Abstract 2035: Effects of Ischemia and Reperfusion on Tonic Vagal Modulation: Deceleration Capacity in Patients Undergoing Direct PCI for Acute Myocardial Infarction
Recent findings indicate that decreased deceleration capacity (DC), a novel Holter-derived surrogate marker for tonic vagal activity, is a strong predictor for mortality in patients after myocardial infarction (MI). However, the early course of DC within the acute phase of MI, as well as the impact of reperfusion by direct percutaneous coronary intervention (PCI) has so far not been examined.
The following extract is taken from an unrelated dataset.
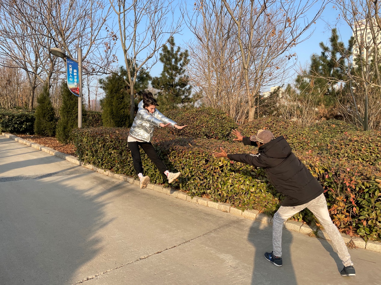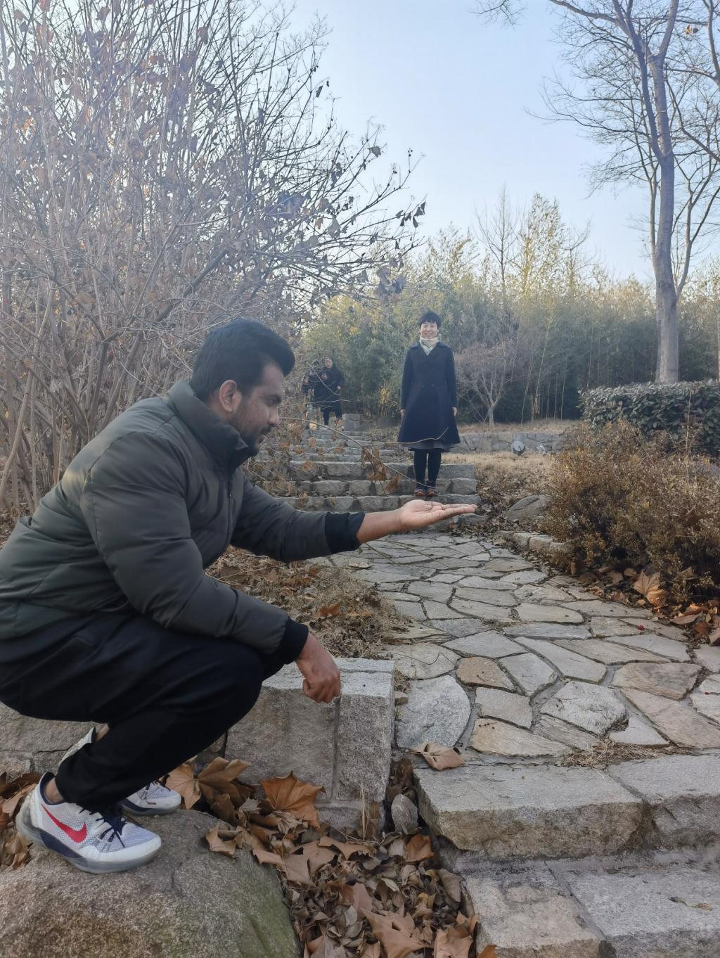 通过照片的线索提示,师生们按图索骥,共同奔跑,一同寻找隐藏的打卡点。有时驻足探讨,有时分头寻找,有一筹莫展的焦急,也有柳暗花明的喜悦,落叶满地的小黄山也变得趣意盎然。在打卡拍照环节,师生们更是亲密无间,相互配合,拍出了一张张幽默风趣的师生合影。

Methods and Results: We investigated DC in a total of 100 patients undergoing direct PCI for a first ST-segment elevation MI. Acceleration capacity (AC) and DC were determined before reperfusion, during the initial 2 hours after reperfusion, hours 12 and 20 after reperfusion from Holter-ECG-recordings started on hospital admission. After PCI, DC constantly increased within the following 12 hours and remained stable within the entire recording period (DC before PCI 3.8 ± 0.3ms vs. DC after 12 hours 5.3 ± 0.3ms; p<0.001). Likewise, AC constantly decreased after PCI, also exhibiting stable values after hour 12 (AC before PCI −3.9 ± 0.3ms vs. AC after 12 hours −5.9 ± 0.4ms; p<0.001).
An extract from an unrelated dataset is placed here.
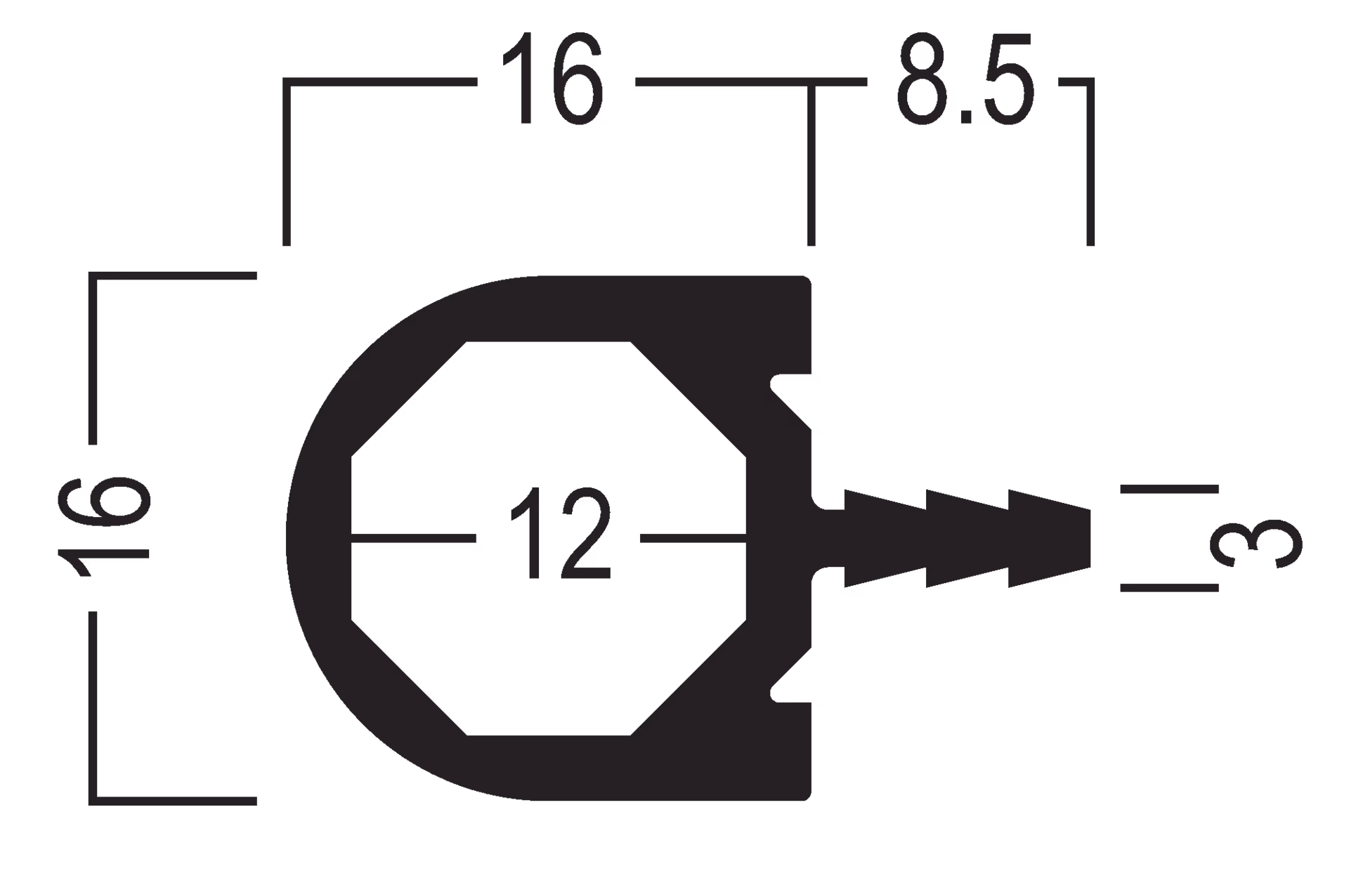 L 5000 × W 16 × H 16 mm
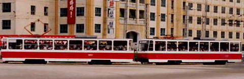 ピョンヤン駅前の光景。荷物を積んだリヤカーみたいなものは、荷物の宅配サービスのような仕事をしているとのことですが……(宮塚利雄氏著『北朝鮮観光』の情報による)

Conclusion: The improvement of DC and AC after reperfusion is a previously unreported effect of early PCI for acute MI. In contrast to reflex cardiac autonomic modulation (i.e. baroreflex sensitivity), which has been shown to significantly increase within the initial hour after reperfusion, the characteristic time courses of DC and AC after PCI suggests a slow and constant recovery of tonic cardiac vagal modulation within 12 hours after reperfusion.